4 pensou em “A MARAVILHOSA ASCENSÃO DO COMPANHEIRO BESSIAS

  1. Por razões idênticas às alegadas pelo escriba Briguet, a certidão de óbito da nossa República poderia ter sido emitida quando da nomeação, pelo governo anterior, dos ministros Kassio e André Luiz, suspeitos, mas nunca contestados, tendo em vista que a nomeação é prerrogativa do Presidente da República, seja ele merecedor ou não do cargo que ocupa. Apenas como registro.

    • Caro Xico, André Mendonça ou Nunes Marques jamais serviram de office boy do Bolsonaro, assim como o Bessias, que se serviu desse papel.
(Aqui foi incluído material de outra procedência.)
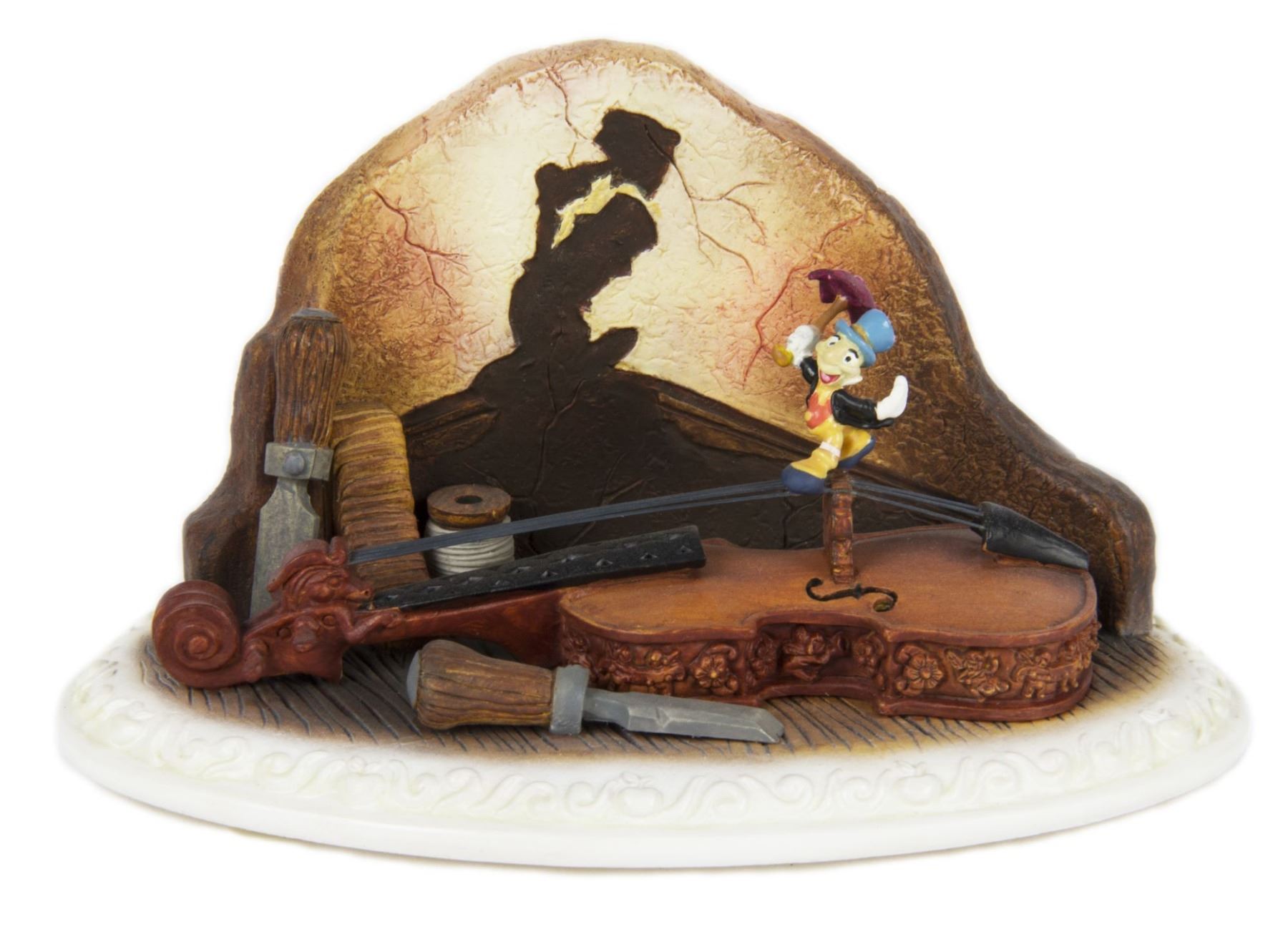 (Olszewski, 2002) A very rare figurine created by renowned miniaturist Robert Olszewski. Titled "Anytime you Whistle," this figurine of Jiminy Cricket was created as number 106 in an edition of only 3,250. Measuring approximately 3"x5" and 2.5" tall, the figurine is in very good condition with minor wear from previous display. The figurine comes with its original box and Certificate of Authenticity, however the box has some moisture damage that has not affected the figurine.
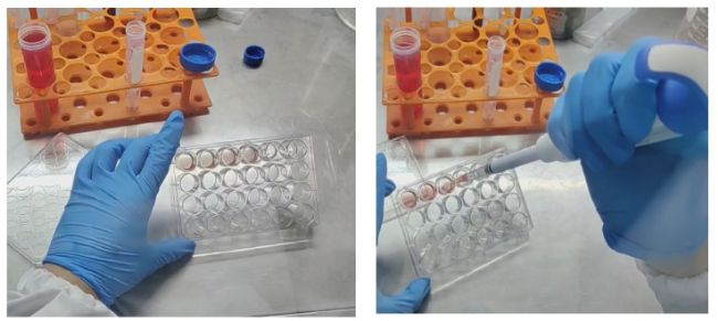 2.1、清洗:吸掉原有培養基,貼壁緩慢加入1mL PBS緩沖液并輕輕晃動,然后沿培養皿邊緣吸去PBS緩沖液;
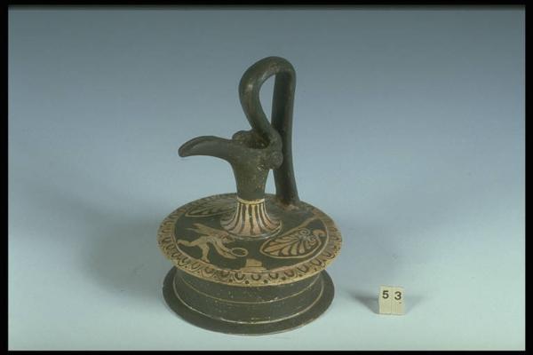 Sulla spalla Eros sacrifica una corona ed una patera dinanzi adun'ara. Decorazione accessoria: baccellature sul collo, sul bordo della spalla kyma e punti, ai lati dell'ansa palmette tra volute.,
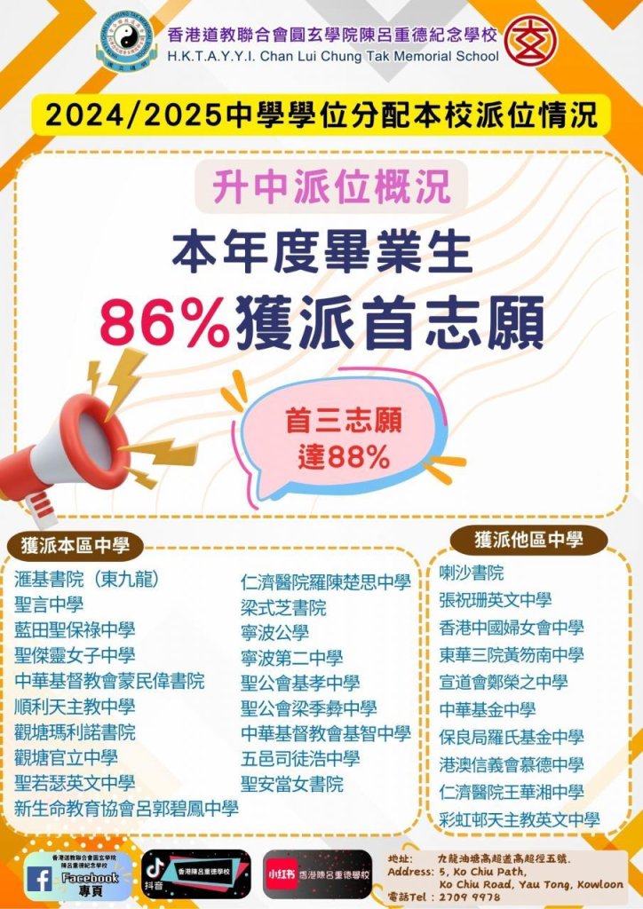 | 香港兆基創意書院 | - | - | - | - | 1 | 0.8% | 2C | 290 | 男女 | 九龙城 | 中文 |
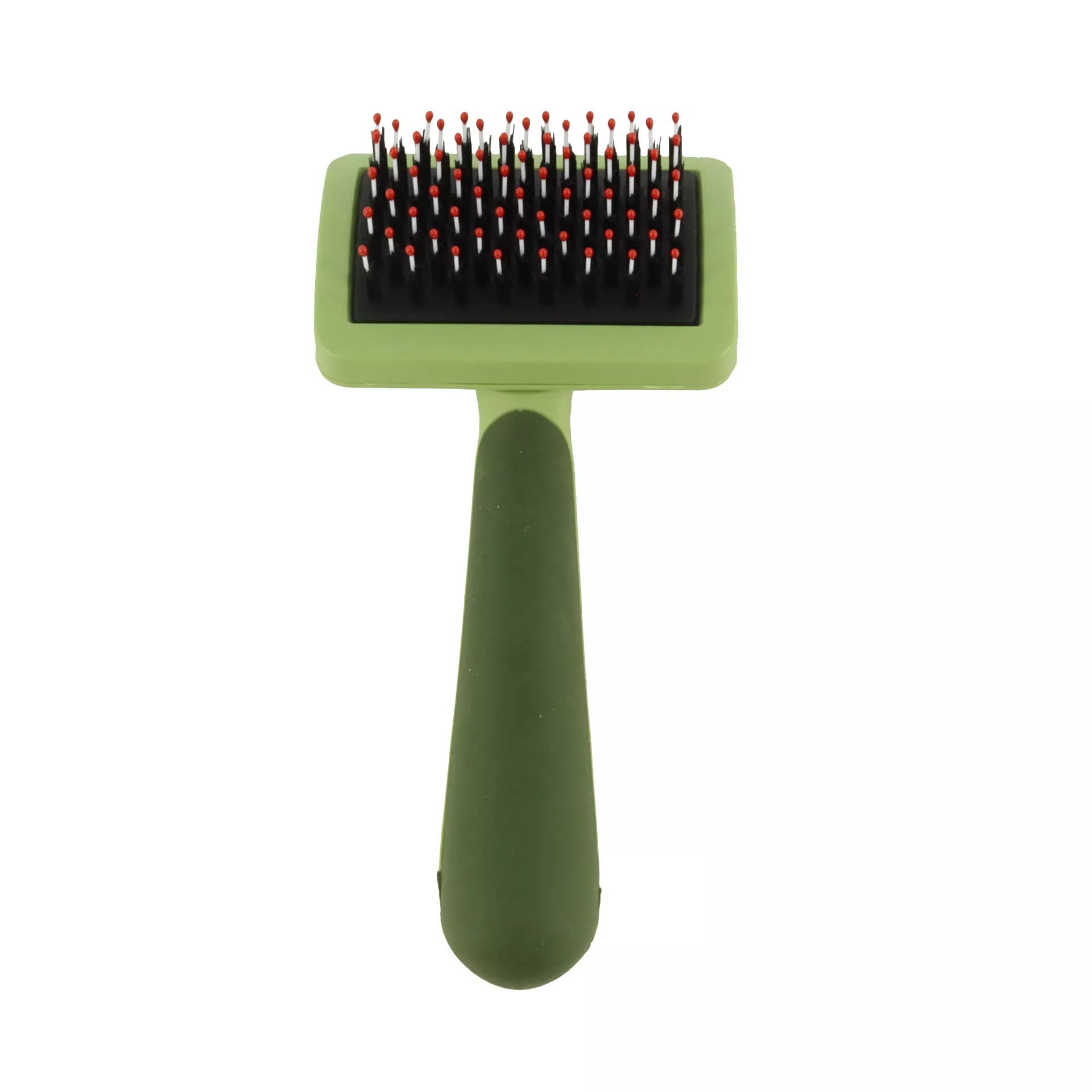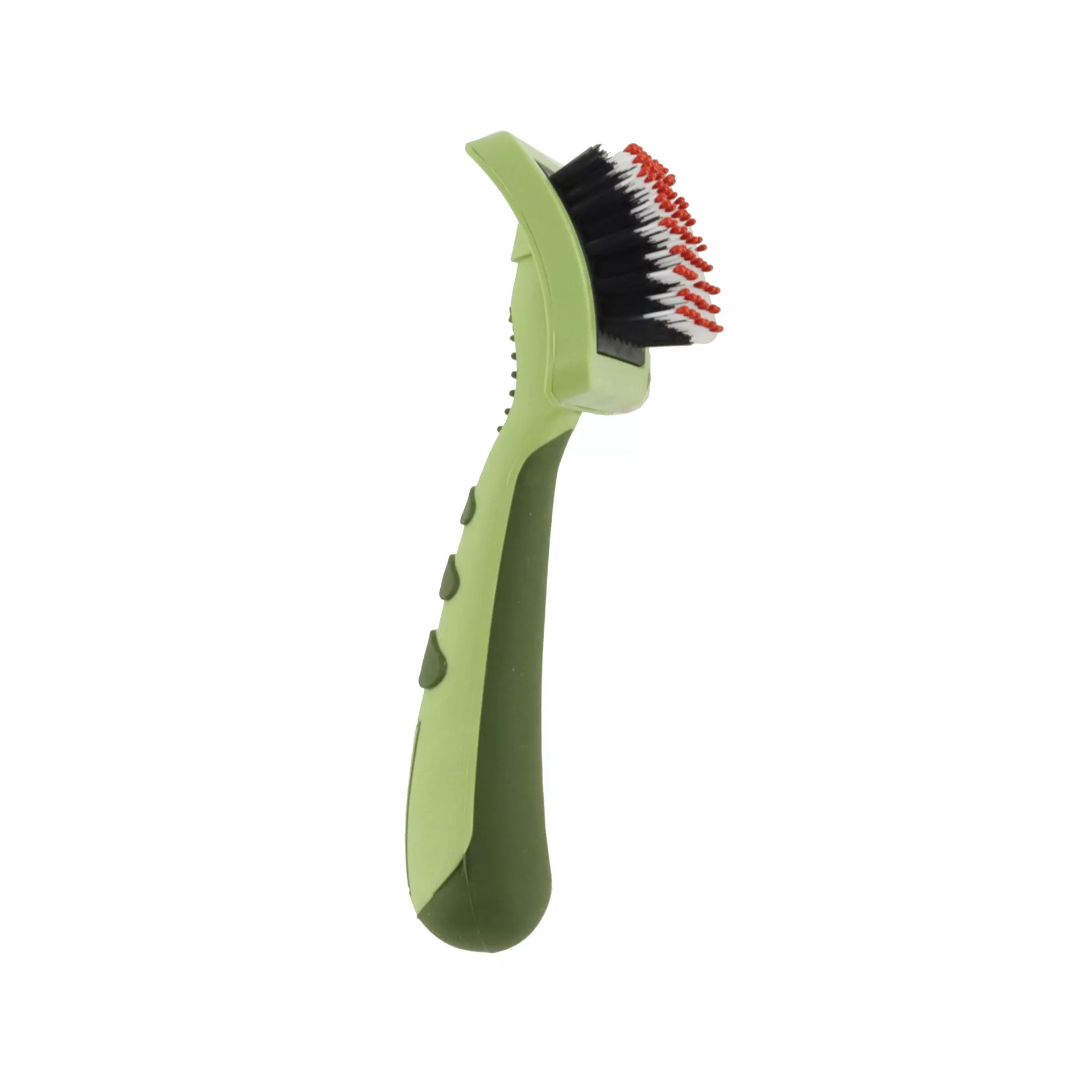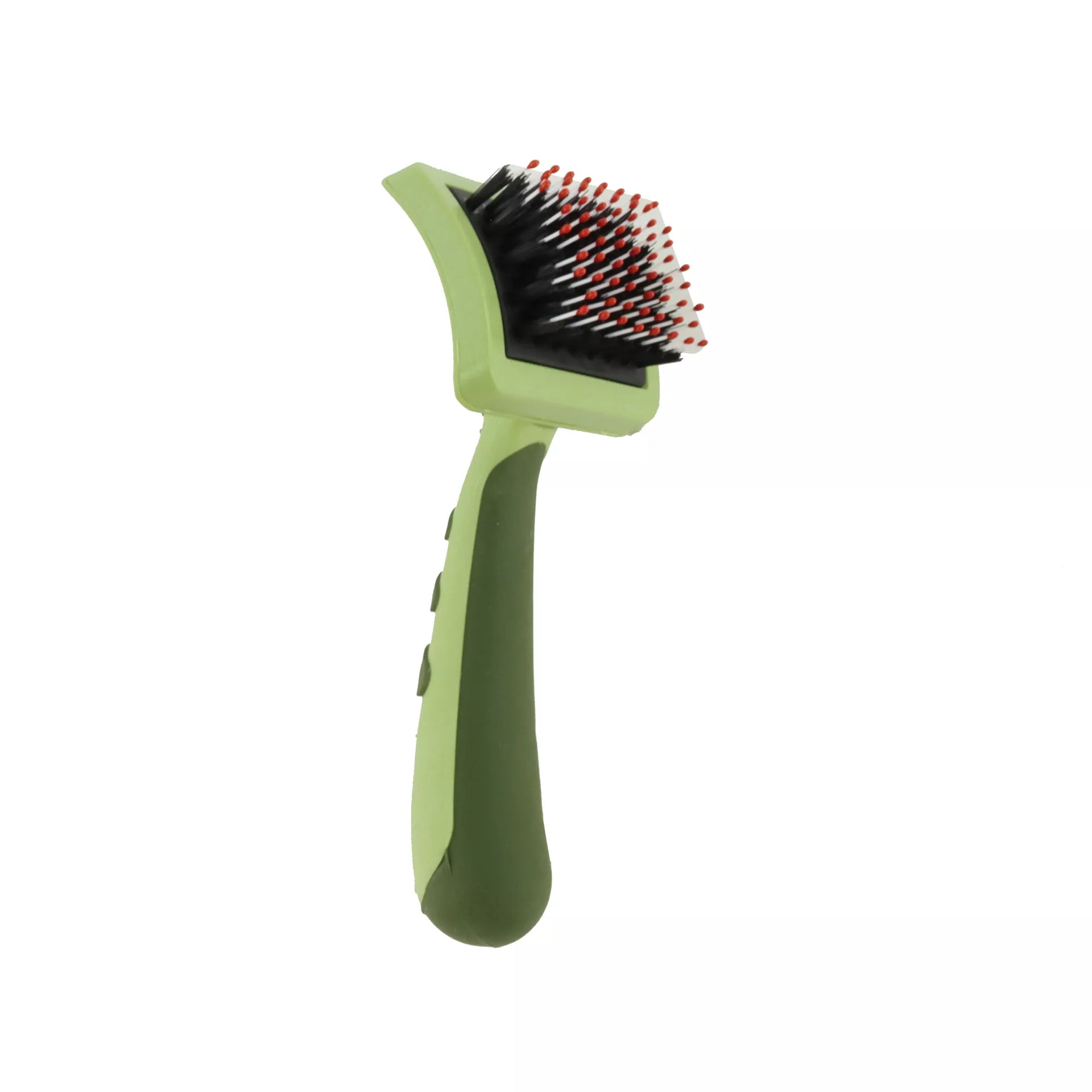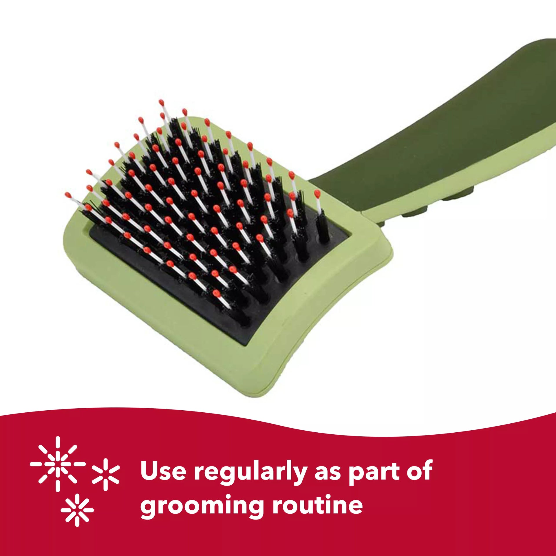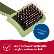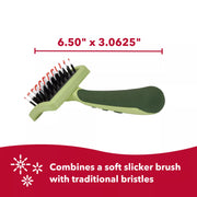 - All-in-one design combines a soft slicker brush with traditional bristles for complete grooming.

      Ambos são chamados de mudinhos, por se manifestarem apenas nos autos, para desgosto de alguns tidos como seguidores do Bolsonaro. Jamais deram entrevistas sobre questões que poderiam vir a julgar, como é o caso dos amigos do Chefe.

      André Mendonça não foi contestado? Alcolumbre atrasou 8 meses sua sabatina, pois não recebeu biscoito (nomeações nos Correios), como supostamente é o caso atual.

      Não queira fazer equivalência entre o governo anterior e o atual. Eu te considero muito inteligente para isso.

  2. Meu caro João,
    claro que respeito sua opinião: a divergência é instrumento típico da democracia. Apenas quis registrar a similitude entre os procederes dos ambos por mim citados com a suspeita de que o ainda não nomeado, se o for, tambem assim procederá, na Suprema Corte.
    Seu elogio, ao final, deixou-me ancho que só um Papa que eu conheço, Editor-Chefe de uma Gazeta super escrota, gostosa de se ler.

    • Caro Xico, em que pese a nossa nítida divergência de posicionamento político, eu o respeito. Sei que deve viver em uma comunidade em que questionar o Sistema que sustenta este governo deve ser algo como um pecado mortal.

      Só o fato de estar nesta Gazeta Escrota totalmente democrática, onde prevalece (mas não é exclusivo) o pensamento conservador é muito revelador de sua índole.

      Quanto à inteligência, não o conheço pessoalmente, mas acho que sua trajetória de vida vencedora, já demonstra isso.